▶ **WORK TO COMPLETE**
Omitting all images, output the entries that follow exactly as written.

▶ **THE DATA**
__________________________________________________
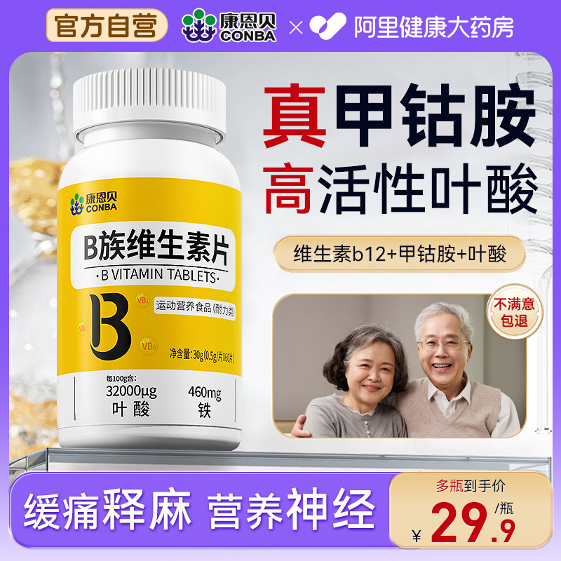 阿里健康大药房甲钴营养修复神经100片胺维生素b12叶酸康恩贝
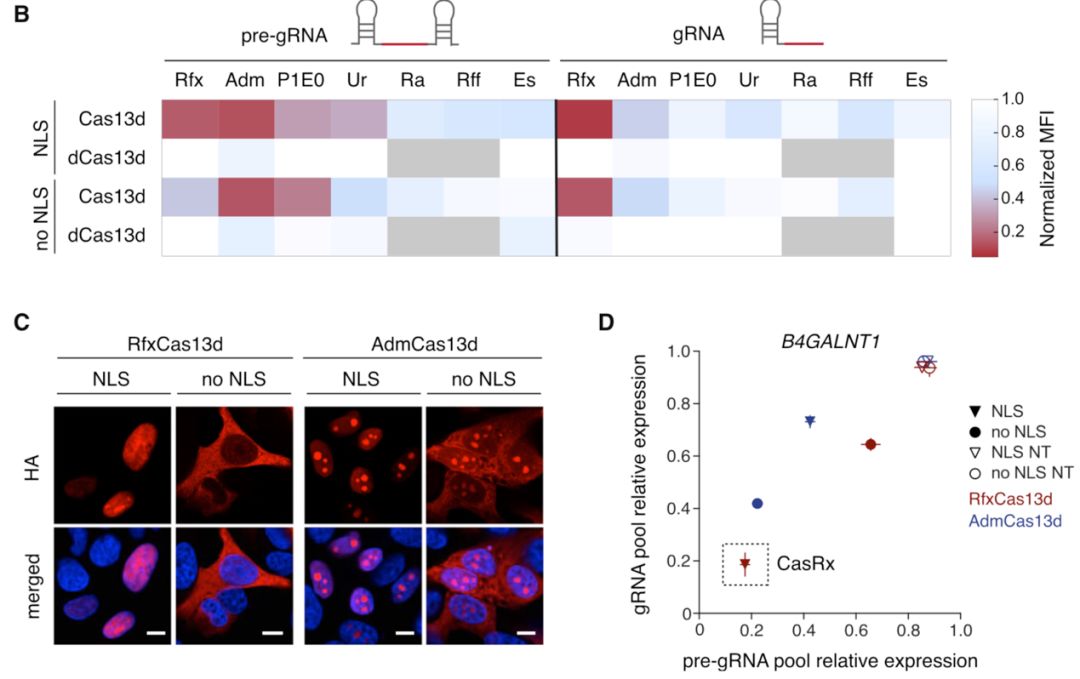 Rfx虽然好用,但是需要入核序列NLS才行,Adm虽然不需要入核序列,但它更喜欢gRAN。Rfx对pre-gRNA还是gRNA一视同仁都能在一起愉快的工作。因此作者终于找到了细胞上编辑RNA的利器CasRx。
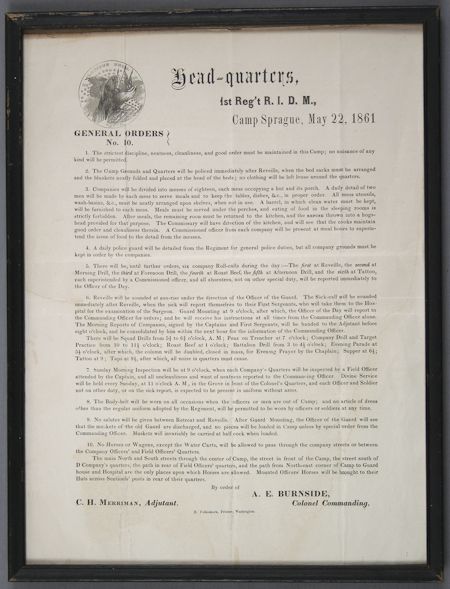 Folio broadside, titled "Camp Sprague [Staten Island, N.Y.] May 22, 1861, being General Orders No. 10 signed in print "A. E. BURNSIDE, Colonel Commanding.". The broadside lists ten basic regulations for the camp to ensure good order and sanitation, organizing messes, camp police, times for revile, inspection and other matters. Usual folds, else fine condition and housed in a simple frame.
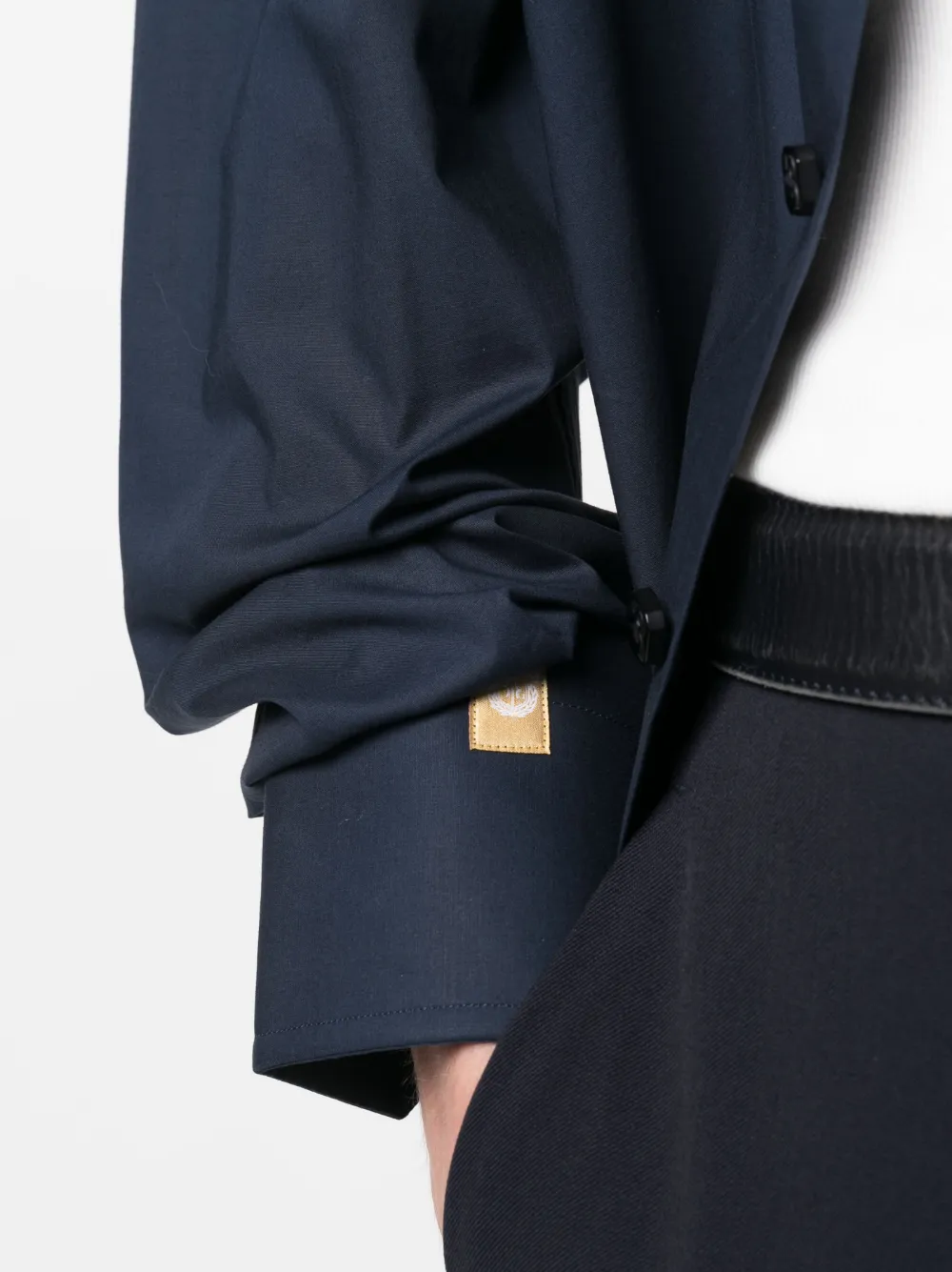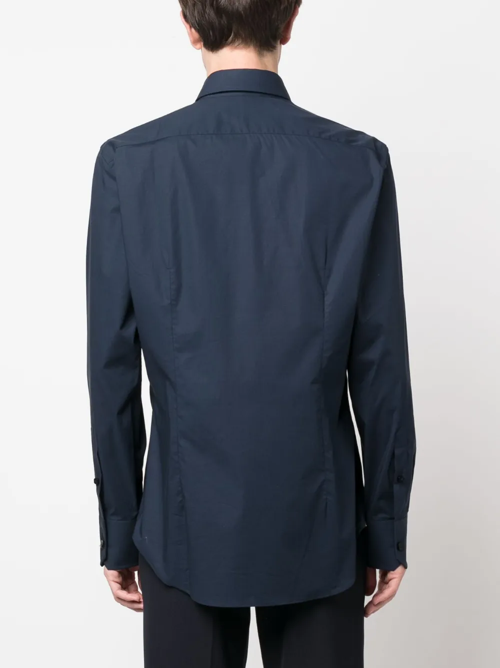 Темно-синий, смесовый хлопок, вышитый узор, нашивка с логотипом на рукаве, классический воротник, застежка на пуговицах спереди и длинные рукава.
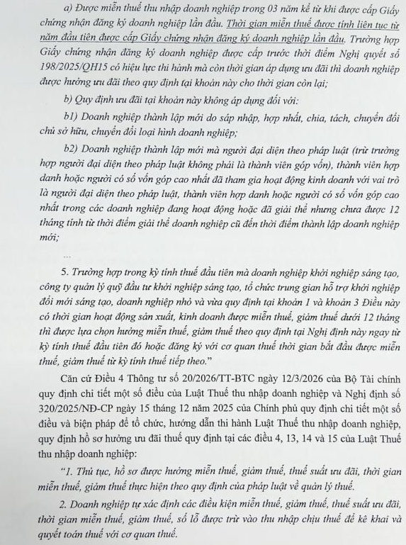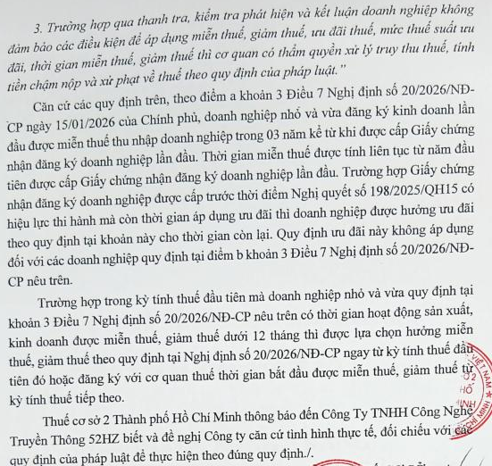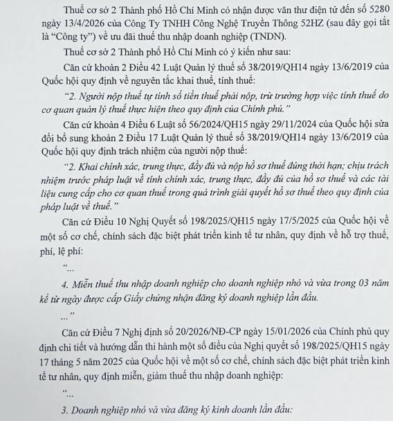 Kính gửi: Bộ tài chính Tên doanh nghiệp: Công Ty TNHH Công Nghệ Truyền Thông 52HZ Mã số thuế: 0317822908 Địa chỉ trụ sở: 783/30/58D Nguyễn Duy Trinh, Phường Phú Hữu, Thành phố Hồ Chí Minh Căn cứ quy định tại Nghị định số 20/2026/NĐ-CP (hướng dẫn Nghị quyết số 198/2025/QH15) về việc miễn thuế Thu nhập doanh nghiệp (TNDN) 03 năm đối với doanh nghiệp nhỏ và vừa. Theo quy định pháp luật về thuế TNDN và tinh thần của Nghị định nói trên: Trường hợp kỳ tính thuế năm đầu tiên của doanh nghiệp không đủ 12 tháng, doanh nghiệp có quyền lựa chọn hưởng miễn thuế ngay năm đó, hoặc đăng ký với cơ quan thuế để nộp thuế năm đầu và bắt đầu tính thời gian miễn thuế trọn vẹn 03 năm từ năm tiếp theo. Công ty chúng tôi thành lập vào ngày 09/05/2023, do đó kỳ tính thuế năm đầu tiên 2023 không đủ 12 tháng. Công ty có nguyện vọng nộp thuế năm đầu và dời thời gian bắt đầu hưởng miễn thuế 03 năm sang kỳ tính thuế tiếp theo 2024,2025,2026. Tuy nhiên, khi Công ty liên hệ với Cơ quan thuế quản lý trực tiếp là Thuế cơ sở 2 - Thành phố Hồ Chí Minh, chúng tôi nhận được câu trả lời là "hiện tại không có thủ tục này" và chưa được hướng dẫn cách thức thực hiện để đảm bảo quyền lợi hợp pháp của doanh nghiệp. Để có cơ sở thực hiện đúng pháp luật, tránh rủi ro vi phạm thủ tục hành chính hoặc mất quyền lợi ưu đãi chính đáng, Công ty kính đề nghị Bộ Tài Chính có văn bản hướng dẫn rõ các nội dung sau: Để thực hiện quyền lựa chọn lùi thời gian hưởng ưu đãi miễn thuế 03 năm sang năm tiếp theo theo đúng quy định, Công ty cần thực hiện thủ tục đăng ký như thế nào? Cơ quan Thuế có ban hành biểu mẫu đăng ký nào cho việc này không? Nếu không có biểu mẫu quy định sẵn và không có thủ tục đăng ký riêng biệt, Công ty chỉ cần tự làm Công văn thông báo gửi Cơ quan thuế quản lý trực tiếp, đồng thời tự xác định trên Tờ khai quyết toán thuế TNDN cuối năm có được coi là hợp lệ và đúng quy định không? Kính mong Quý Cơ quan sớm xem xét và có văn bản trả lời để Công ty chúng tôi kịp thời thực hiện. Trân trọng cảm ơn!
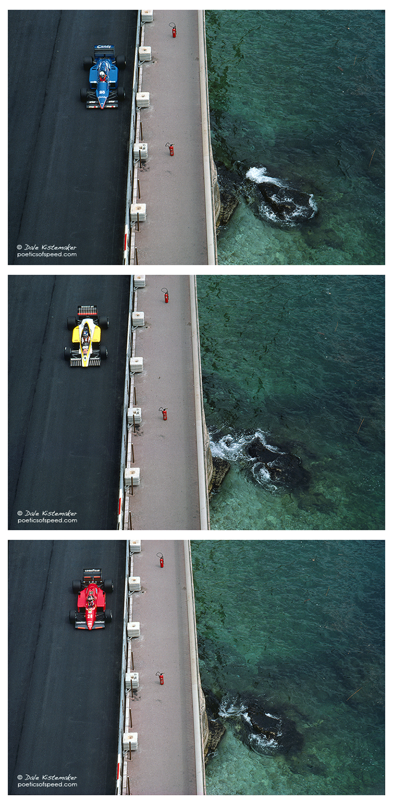 After Portier a Ligier, a Renault and a Ferrari accelerate along the Harbor and into the Tunnel.
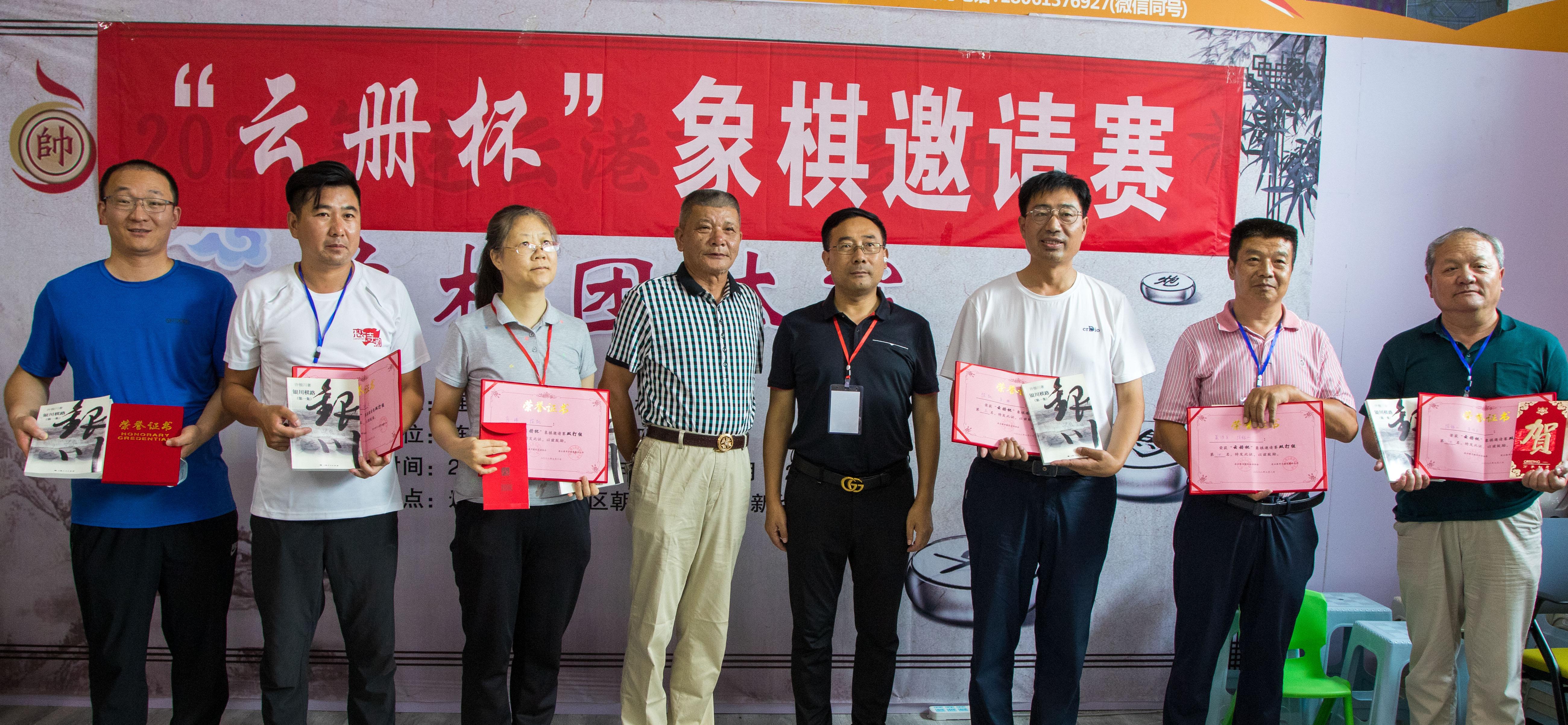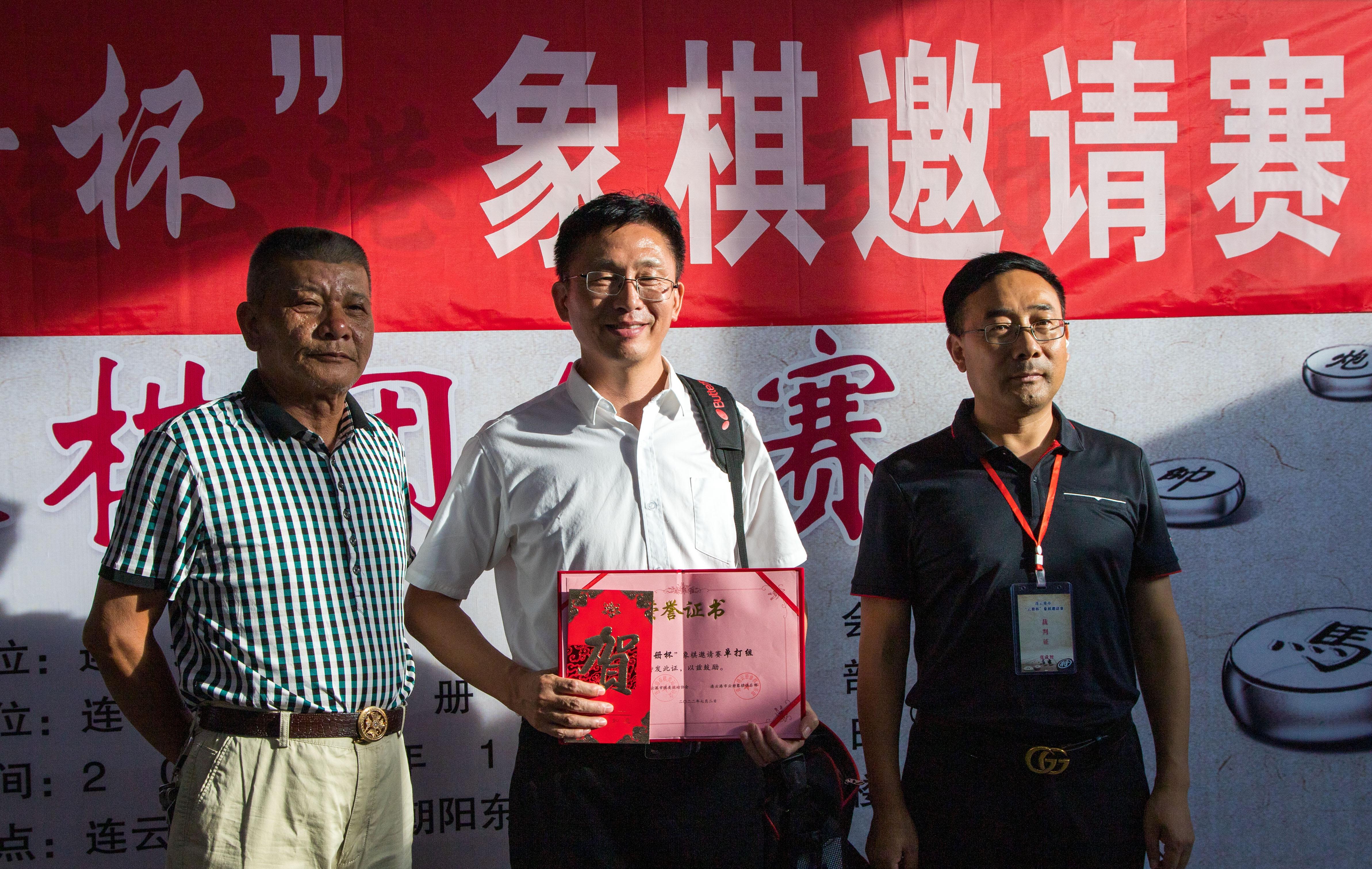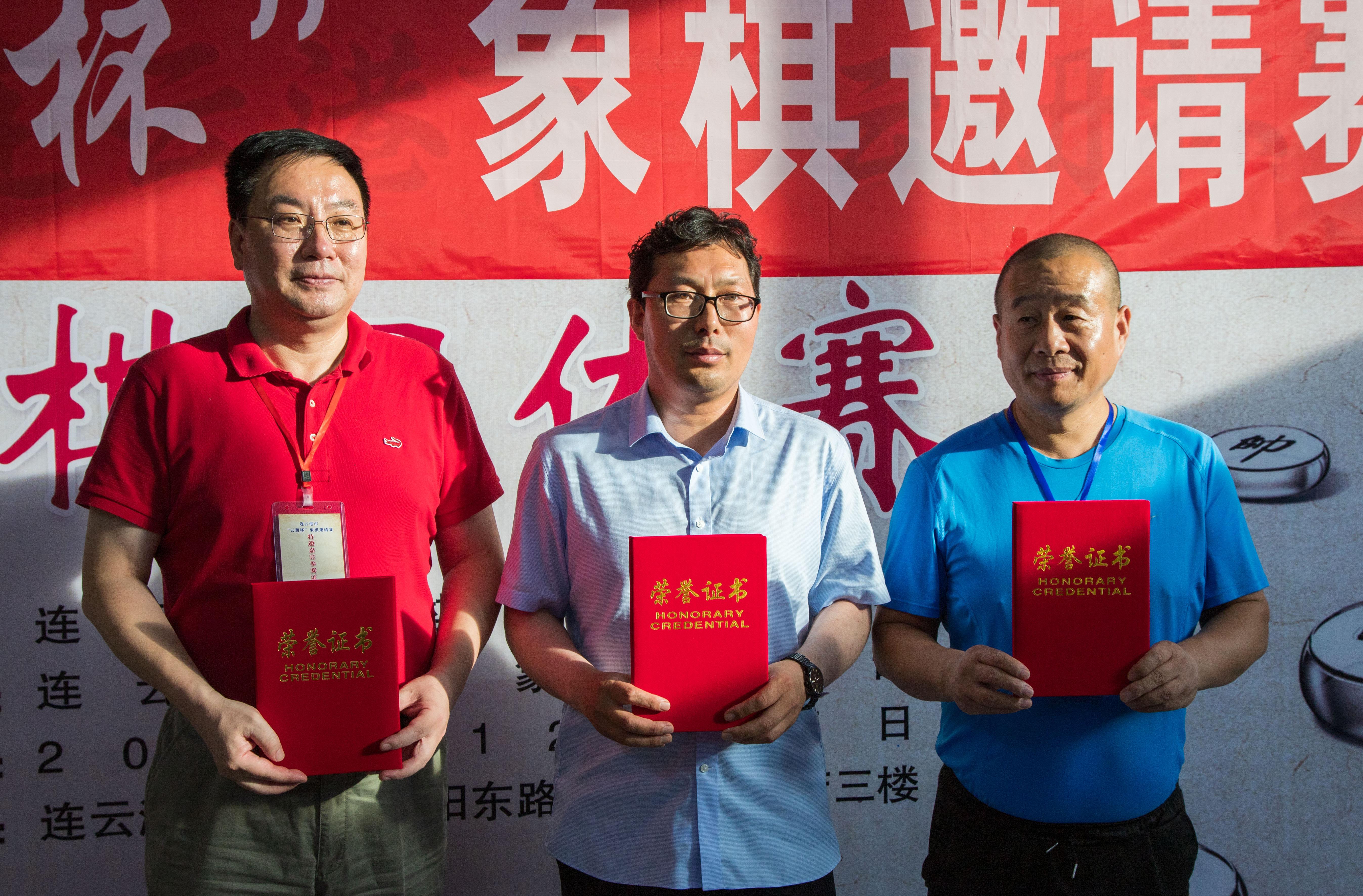 连云港市新华书店总经理侯沛成、连云港市棋类运动协会象棋协会主席张成智、连云港市徐福酒业有限公司董事长孙国银为获奖选手颁奖。
__________________________________________________
▶ **RESPONSE AREA**
 阿里健康大药房甲钴营养修复神经100片胺维生素b12叶酸康恩贝
 Rfx虽然好用,但是需要入核序列NLS才行,Adm虽然不需要入核序列,但它更喜欢gRAN。Rfx对pre-gRNA还是gRNA一视同仁都能在一起愉快的工作。因此作者终于找到了细胞上编辑RNA的利器CasRx。
 Folio broadside, titled "Camp Sprague [Staten Island, N.Y.] May 22, 1861, being General Orders No. 10 signed in print "A. E. BURNSIDE, Colonel Commanding.". The broadside lists ten basic regulations for the camp to ensure good order and sanitation, organizing messes, camp police, times for revile, inspection and other matters. Usual folds, else fine condition and housed in a simple frame.
 Темно-синий, смесовый хлопок, вышитый узор, нашивка с логотипом на рукаве, классический воротник, застежка на пуговицах спереди и длинные рукава.
 Kính gửi: Bộ tài chính Tên doanh nghiệp: Công Ty TNHH Công Nghệ Truyền Thông 52HZ Mã số thuế: 0317822908 Địa chỉ trụ sở: 783/30/58D Nguyễn Duy Trinh, Phường Phú Hữu, Thành phố Hồ Chí Minh Căn cứ quy định tại Nghị định số 20/2026/NĐ-CP (hướng dẫn Nghị quyết số 198/2025/QH15) về việc miễn thuế Thu nhập doanh nghiệp (TNDN) 03 năm đối với doanh nghiệp nhỏ và vừa. Theo quy định pháp luật về thuế TNDN và tinh thần của Nghị định nói trên: Trường hợp kỳ tính thuế năm đầu tiên của doanh nghiệp không đủ 12 tháng, doanh nghiệp có quyền lựa chọn hưởng miễn thuế ngay năm đó, hoặc đăng ký với cơ quan thuế để nộp thuế năm đầu và bắt đầu tính thời gian miễn thuế trọn vẹn 03 năm từ năm tiếp theo. Công ty chúng tôi thành lập vào ngày 09/05/2023, do đó kỳ tính thuế năm đầu tiên 2023 không đủ 12 tháng. Công ty có nguyện vọng nộp thuế năm đầu và dời thời gian bắt đầu hưởng miễn thuế 03 năm sang kỳ tính thuế tiếp theo 2024,2025,2026. Tuy nhiên, khi Công ty liên hệ với Cơ quan thuế quản lý trực tiếp là Thuế cơ sở 2 - Thành phố Hồ Chí Minh, chúng tôi nhận được câu trả lời là "hiện tại không có thủ tục này" và chưa được hướng dẫn cách thức thực hiện để đảm bảo quyền lợi hợp pháp của doanh nghiệp. Để có cơ sở thực hiện đúng pháp luật, tránh rủi ro vi phạm thủ tục hành chính hoặc mất quyền lợi ưu đãi chính đáng, Công ty kính đề nghị Bộ Tài Chính có văn bản hướng dẫn rõ các nội dung sau: Để thực hiện quyền lựa chọn lùi thời gian hưởng ưu đãi miễn thuế 03 năm sang năm tiếp theo theo đúng quy định, Công ty cần thực hiện thủ tục đăng ký như thế nào? Cơ quan Thuế có ban hành biểu mẫu đăng ký nào cho việc này không? Nếu không có biểu mẫu quy định sẵn và không có thủ tục đăng ký riêng biệt, Công ty chỉ cần tự làm Công văn thông báo gửi Cơ quan thuế quản lý trực tiếp, đồng thời tự xác định trên Tờ khai quyết toán thuế TNDN cuối năm có được coi là hợp lệ và đúng quy định không? Kính mong Quý Cơ quan sớm xem xét và có văn bản trả lời để Công ty chúng tôi kịp thời thực hiện. Trân trọng cảm ơn!
 After Portier a Ligier, a Renault and a Ferrari accelerate along the Harbor and into the Tunnel.
 连云港市新华书店总经理侯沛成、连云港市棋类运动协会象棋协会主席张成智、连云港市徐福酒业有限公司董事长孙国银为获奖选手颁奖。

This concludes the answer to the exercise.